The Labour leadership has sorely tested the self-discipline of unions by progressively watering down its side of the bargain. Considerable swathes of Conservative legislation are to be kept and there is to be no fundamental review of employment law. A long-standing promise to liberalise the laws on secondary industrial action, for instance, has been dropped from Labour's latest policy documents. Union bosses kept their own counsel on their misgivings about the change, but the fury, especially on the left, was real enough.

Both the party and the unions kept quiet about the secretive talks during which their unspoken deal was struck.

There is little public contact between Labour and the unions outside the party's national executive committee and at the annual conference. But there are regular meetings between senior union officials and the party leadership in forums which are rarely, if ever, acknowledged. There is the "contact group" where Blair and his deputy, John Prescott, meet senior representatives of the TUC and and there is the Trade Union Liaison Office, where those unions that are affiliated to the party meet the leadership.

Through these channels, union bosses have been keeping a fatherly eye on the health of their accord with Blair and airing their disagreements in private. Here also, the Labour leader meets people with whom he has little in common.

Blair regards Rodney Bickerstaffe, general secretary of the big white- collar union Unison, with suspicion; Bill Morris of the Transport and General Workers' Union as unreliable; and John Edmonds, leader of the GMB, as too clever by half.

In these meetings, the union leaders have warned Blair that it may well be a game of two halves and that there may be trouble ahead. Although Labour has been reassured of union good behaviour ahead of any election, there is a different consideration about life after a Blair victory.

Blair has been told by union leaders that workers' aspirations under a Labour government might be difficult to control. Union leaders can manipulate their troops to support motions at conferences, but the attitude of the British workforce to their pay and conditions is quite another matter.
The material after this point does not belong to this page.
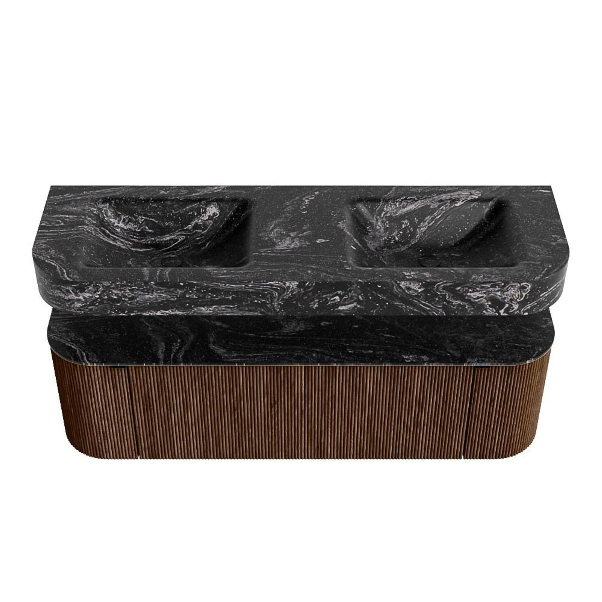 MONDIAZ THOR-DLUX 150cm badmeubel ronding links + rechts kleur Walnut met 1 lade en 2 deuren. Vrijhangende wastafel CLOUD Dubbel 2 kraangaten kleur Lava.

While Blair has been keen to keep a lid on expectations in virtually every speech he makes, unions have told him that their members may see things differently. At its most basic, their argument is that if working people vote Labour it will be because they believe a Blair government will change the economic atmosphere to allow a few more pounds to trickle into their pockets.

Evidence of rising expectations and growing industrial militancy has surfaced at London Underground, in the rail network and the Royal Mail. In the latter dispute, Alan Johnson, joint general secretary of the Communication Workers' Union and one of the strongest supporters of Blair in the union movement, has conspicuously failed to keep his troops in order. Johnson has been decidedly unhappy that his members have chosen the run-up to the election to flex their industrial muscles. Blair has indicated publicly that the union should ballot its members on the latest Royal Mail peace formula. So far, neither Blair nor Johnson have been successful in persuading postal workers to behave themselves. That could well be a harbinger of things to come.

The biggest battleground will be the public sector, where the Tories have frozen wages for the past three years and where union organisation is at its strongest. If Major holds off the election until next April, the public-sector pay round will in effect be over by the time any winning Labour team walks into Downing Street. Unions could then invoke the introduction of a national minimum wage as a way of keeping industrial peace. The following year, however, might be more problematic. In private meetings, Blair has been warned that the party is presiding over a "policy void" on public sector industrial relations. As one prominent union leader put it: "There is a lot of ill feeling, but no one wants to be seen to be opening their mouths and contributing to a Labour defeat."